BBC cheated on Princess Diana in an explosive 1995 TV interview, the investigation finds

Journalist Martin Bashir has tricked Princess Diana into giving an explosive BBC television interview in which she opened the lid on her troubled marriage to Prince Charles, an independent investigation concluded Thursday.

Retired senior judge John Dyson said Bashir had made false bank statements falsely suggesting that some of Diana’s closest associates were being paid by the security forces to keep an eye on her.

Bashir then showed them to Diana’s brother Charles Spencer, in a successful attempt to convince him to arrange a meeting between him and Diana and gain her trust.

Dyson said he was “pleased” that Bashir had shown false bank statements “to trick Earl Spencer and get him to arrange a meeting with Princess Diana.”

By acting as described … Mr. Bashir acted inappropriately and in grave violation “of the company’s own editorial guidelines on” direct trading, “Dyson added.

Questions have long been raised about how Bashir convinced Diana to speak on the BBC’s flagship “Panorama” program in November 1995, which was watched by a record 22.8 million people and won a string of television awards.

In it, she famously said “there were three people” in her marriage – she, Charles and his longtime mistress and now wife, Camilla Parker-Bowles – and also admitted adultery.

Our Chairman @ julianknight15 has commented on Lord Dyson’s report on the events behind the BBC Panorama interview with Princess Diana.

We will review the report’s findings and examine the BBC’s response to the report

Full comment below👇

– Digital, Culture, Media and Sports Committee (@CommonsDCMS) May 20, 2021

Bashir, now 58, was little known at the time of the interview but had a high profile career on American television networks, interviewing stars like Michael Jackson.

He returned to the company as a religion editor until he resigned last week due to ill health, hours before Dyson’s report was presented to BBC bosses.

‘Flawed and Ineffective’

A 1996 internal investigation by future BBC chief Tony Hall and another high figure, Anne Sloman, cleared Bashir of misconduct.

But Dyson called that probe “flawed and hopelessly ineffective.”

In particular, it didn’t ask Diana’s brother, Charles Spencer, for his version of events, said Dyson, who denounced it for not properly researching Bashir’s actions.

If they could have tested Mr.
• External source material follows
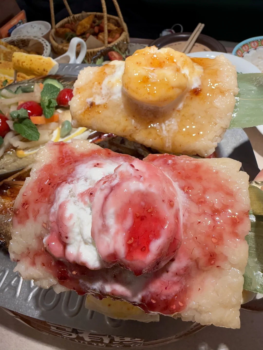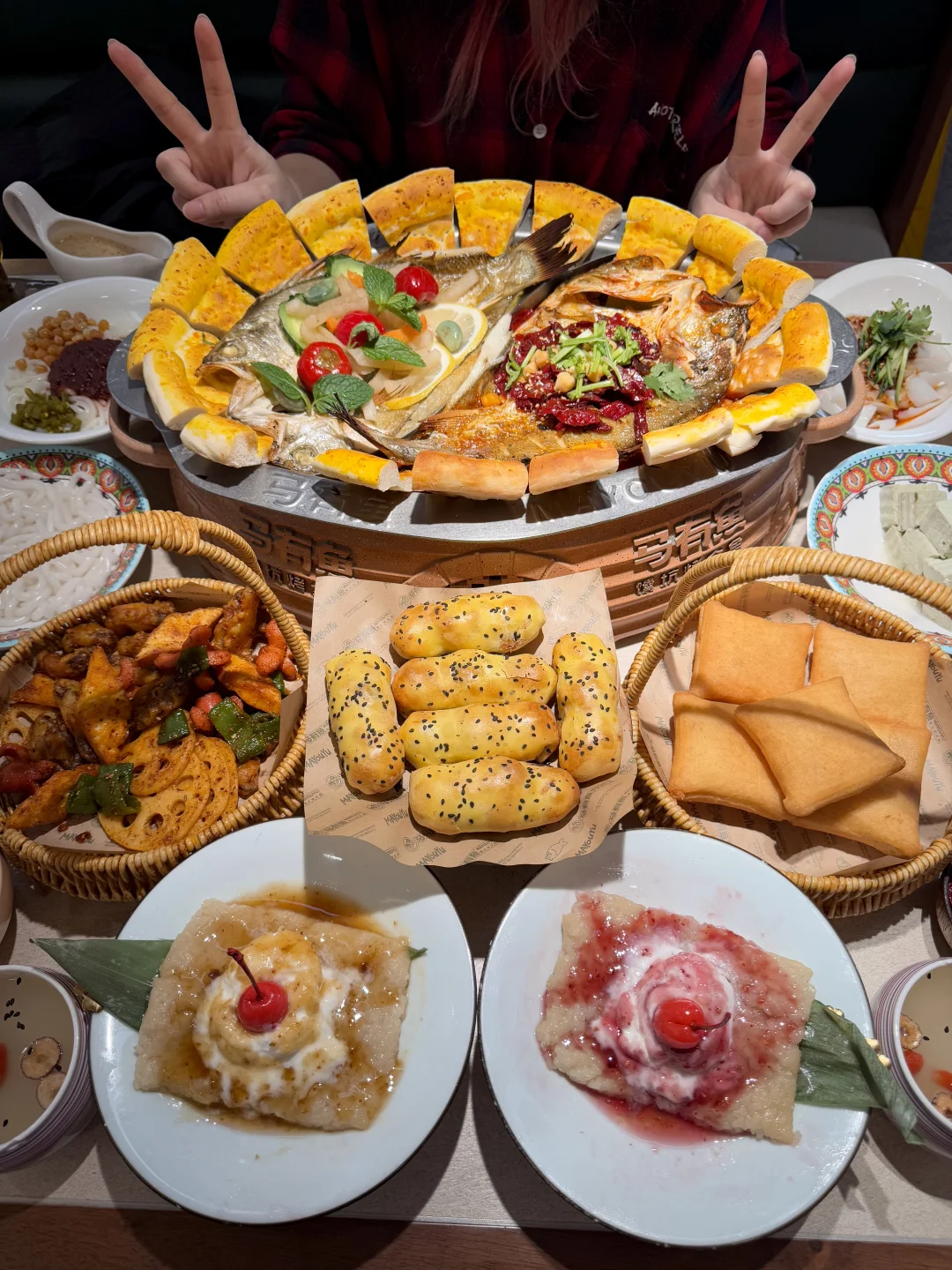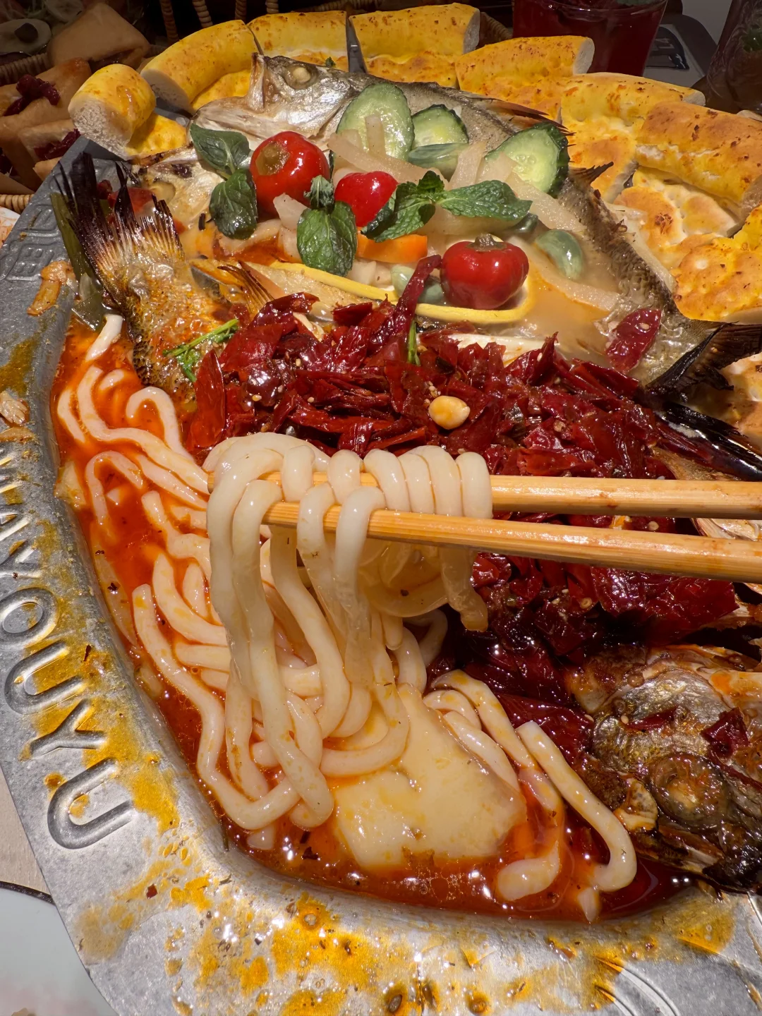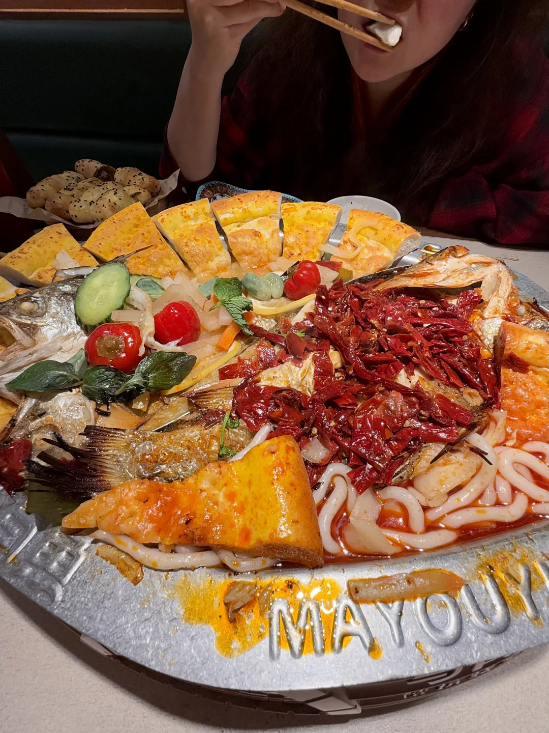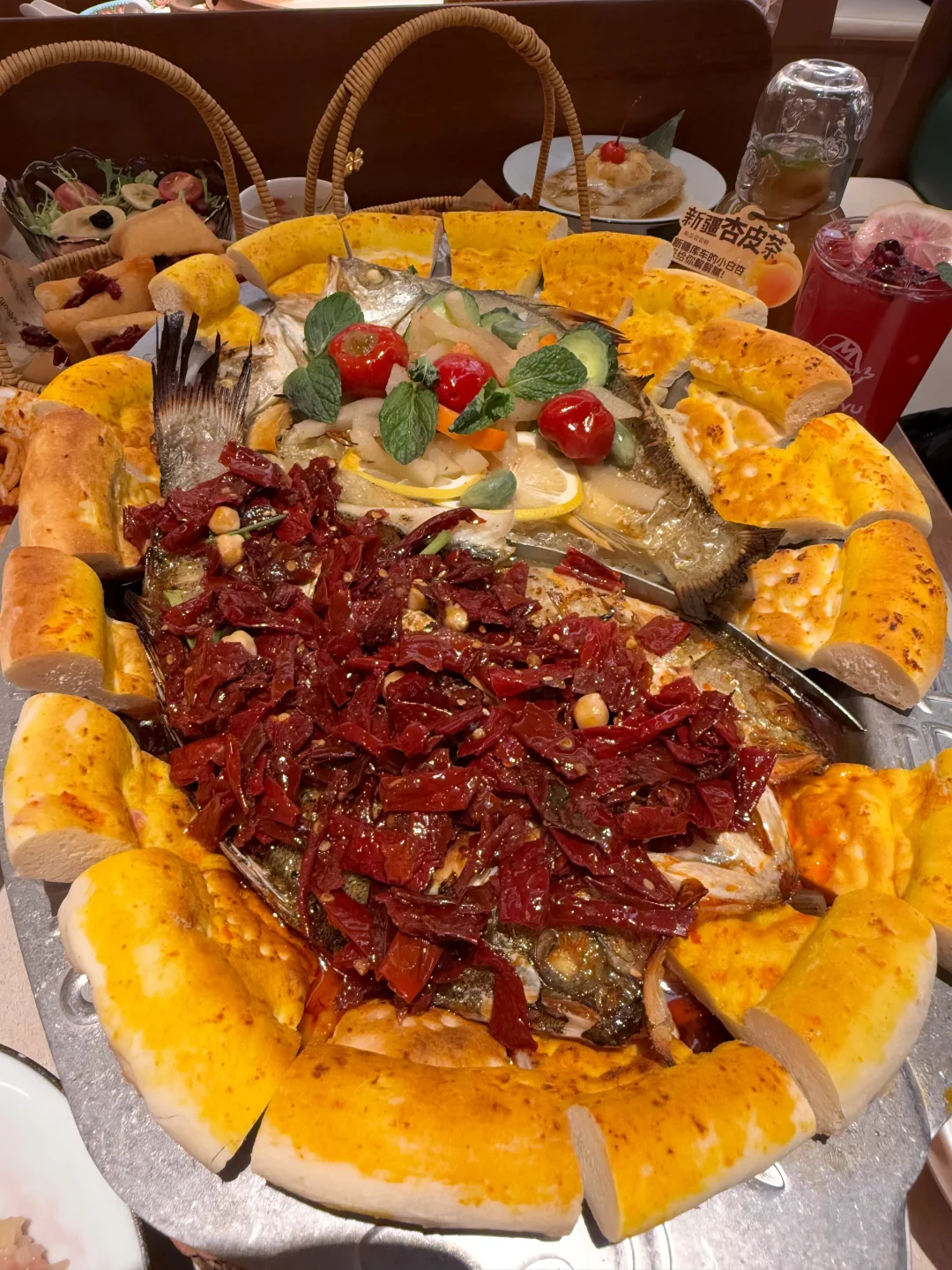 辣!皮!子!馕坑烤鱼!酸奶粽子!烤包子! 已经吃三次了!爱吃辣的一定要吃招牌辣皮子烤鱼,铺满了新疆的辣皮子又香又辣!馕坑烤的鲈鱼刺很少,外表焦焦脆脆口感,鱼肉嫩嫩的也很入味! 吃到最后的汤汁用皮芽子馕沾着吃,再煮点儿手擀粉…嗦起来真的好吃的停不下来! 酸奶粽子也每次都会点,新疆的酸奶好香醇!还有烤羊肉包子和新疆炸串也很好吃! 记得吃完领个大馕去拍照📸打卡! 西安美食周末去哪儿西安吃喝玩乐本地人爱吃的店西安大雁塔烤鱼新疆美食马有鱼烤匠西安首店一份来自新疆的空投

Bashir’s story by asking him to comment on Earl Spencer’s detailed account, it is very unlikely that they would have believed him and concluded that he was an ‘honest and honorable’. man ‘was,’ he wrote.

Hall, now chairman of the board of the National Gallery in Britain, admitted that the investigation “fell far short of what was needed”, saying he was “wrong in giving Martin Bashir the benefit of the doubt” .

Full apology

The Daily Telegraph previously suggested that the report’s findings were similar to revelations about phone hacking on the UK News of the World tabloid, which forced its shutdown.

Diana’s boyfriend, Simone Simmons, told The Sun that the interview “destroyed her psychologically” and “made her paranoid.”

BBC Director General Tim Davie said the company fully accepted Dyson’s findings and offered a “full and unconditional apology”.

Tim Davie, BBC Director General, tells @chrisshipitv – “I think it is a difficult day for the BBC. It’s a dark day. We offer a full and unconditional apology to those affected.

– Lizzie Robinson (@LizzieITV) May 20, 2021

The broadcaster also said it handed over the awards the program won for the interview.

Bashir also apologized, saying that forging the bank statements was “a stupid thing to do and an act that I deeply regret.”

But he claimed it “did not affect Princess Diana’s personal choice to participate,” and was still “extremely proud” of the interview.

‘Rogue reporter’

Davie also said the princess was “excited about the idea of ​​an interview with the BBC.” Her estranged husband had spoken to the commercial channel ITV in 1994 and also admitted adultery.

But he added, “It is clear that the process of obtaining the interview is far behind what the public may expect. We are very sorry.”

“Clear shortcomings” had been identified, he added, but said the BBC now had “significantly better processes and procedures” than it did at the time.

“The BBC should have put more effort into getting to the bottom of what was happening at the time and being more transparent about what it knew,” added Davie.

John Birt, the company’s director general at the time of the interview, said in a statement, “We now know that the BBC was housing a rogue reporter.”

Diana and Charles formally divorced in 1996. She died at the age of 36 in a high-speed car accident while being chased by paparazzi photographers in Paris the following year. Charles married Camilla in 2005.